One week before it signs off on new attendance boundaries for elementary schools in the southern end of the county, Loudoun’s School Board heard from a dozen parents at a final public hearing on the matter Tuesday night.
School assignments need to be adjusted in that area ahead of the opening of Goshen Post Elementary School next fall and to relieve some of the county’s most crowded schools. The new school is under construction on land next to John Champe High School along Northstar Boulevard.
The attendance zone changes could impact students at five Dulles South elementary schools: Buffalo Trail, Hutchison Farm, Liberty, Little River and Pinebrook.
The School Board has narrowed the proposed attendance maps to four options: one proposed by Eric Hornberger (Ashburn) called Plan 3, another drafted by Chairman Jeff Morse (Dulles) called Plan 4, and two others drawn up by Jill Turgeon (Blue Ridge) and Beth Huck (At Large) called Plan 6 and Plan 7.
The plans have a lot of similarities—they all reduce enrollment counts at the most crowded schools and take into account that some attendance lines in that area will have to be shifted again in when another new elementary school (ES-29) opens in 2023.

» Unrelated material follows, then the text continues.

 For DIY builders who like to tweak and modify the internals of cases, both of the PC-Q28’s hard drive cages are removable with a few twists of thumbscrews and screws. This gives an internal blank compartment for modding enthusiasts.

Plan 3 would reassign a total of 1,057 students, fewer than the other plans, and makes it so fewer families will be reassigned a second time when ES-29 opens. Plan 4 is similar, “but the primary difference is when it comes to the balance between Hutchison Farm and Liberty,” Morse said. Plan 4 leaves more students at Hutchison Farm, while Plan 3 would leave more students at Liberty.
The highlight of Plan 6 is that it assigns most of the Greens at Willowsford neighborhood (planning zones 7.3 and 7.4) from Buffalo Trail to Goshen Post. Plans 3 and 4 would split them, keeping students in 7.3 at Buffalo Trail and sending students in 7.4 to Goshen Post. “We don’t want to split them up just to reunite them later,” Turgeon said, noting that 7.3 would likely be assigned to ES-29 when it opens.

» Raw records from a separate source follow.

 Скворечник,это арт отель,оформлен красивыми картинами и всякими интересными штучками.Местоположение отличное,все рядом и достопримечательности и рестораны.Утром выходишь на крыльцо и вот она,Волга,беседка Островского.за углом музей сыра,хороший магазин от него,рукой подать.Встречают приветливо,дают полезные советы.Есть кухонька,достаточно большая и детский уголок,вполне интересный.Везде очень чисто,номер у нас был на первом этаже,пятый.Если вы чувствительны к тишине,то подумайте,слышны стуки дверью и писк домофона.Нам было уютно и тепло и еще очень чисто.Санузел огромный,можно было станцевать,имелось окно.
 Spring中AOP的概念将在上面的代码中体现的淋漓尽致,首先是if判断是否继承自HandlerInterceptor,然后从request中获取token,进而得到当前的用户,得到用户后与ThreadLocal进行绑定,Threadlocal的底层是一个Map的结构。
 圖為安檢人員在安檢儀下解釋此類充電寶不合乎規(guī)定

It also keeps a small neighborhood north of Rt. 50, called 6.6, at Aldie Elementary School, to free up space in Goshen Post for those Willowsford students.

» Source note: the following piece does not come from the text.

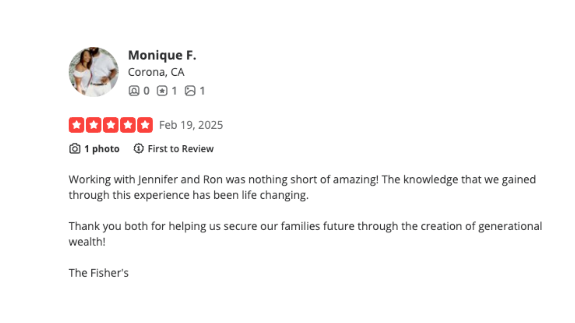 Over 20 years of experience helping thousands of families across California retire with confidence.

Plan 7 differs from Plan 6 in that it assigns the last piece of the Greens at Willowsford, planning zone 7.1, with their neighbors at Goshen Post.
Most of the parents who approached the board at the final boundary public hearing Tuesday were from the Willowsford neighborhood.
J.T. Wilson told board members that his children ride a bus past two other elementary schools to get to Buffalo Trail Elementary and, when Goshen Post Elementary opens, they would be riding past three elementary schools. He supports plans 6 and 7 that would send his neighborhood to the new school.
“Buffalo Trail is really far from our zone. Our kids spend way too much time on the bus,” he said, noting that they board at 7 a.m. and get home at 3:15 p.m. each day. “It’s a long day for them to spend in transit and not in the classroom.”
Several other parents asked that their children be allowed to stay at their current school. North Riding resident Asheesh Chhabra, who has a second-grader at Liberty Elementary, said he and his neighbors are tired of changing schools every few years. He prefers plans 4, 6 and 7—but especially Plan 4. “I think this plan really helps stabilize the eastern part and brings the most stability going forward,” he said.
The School Board will vote on a final boundary plan Tuesday. The meeting begins at 6:30 p.m. and will be held at the school administration building, 21000 Education Court in Ashburn.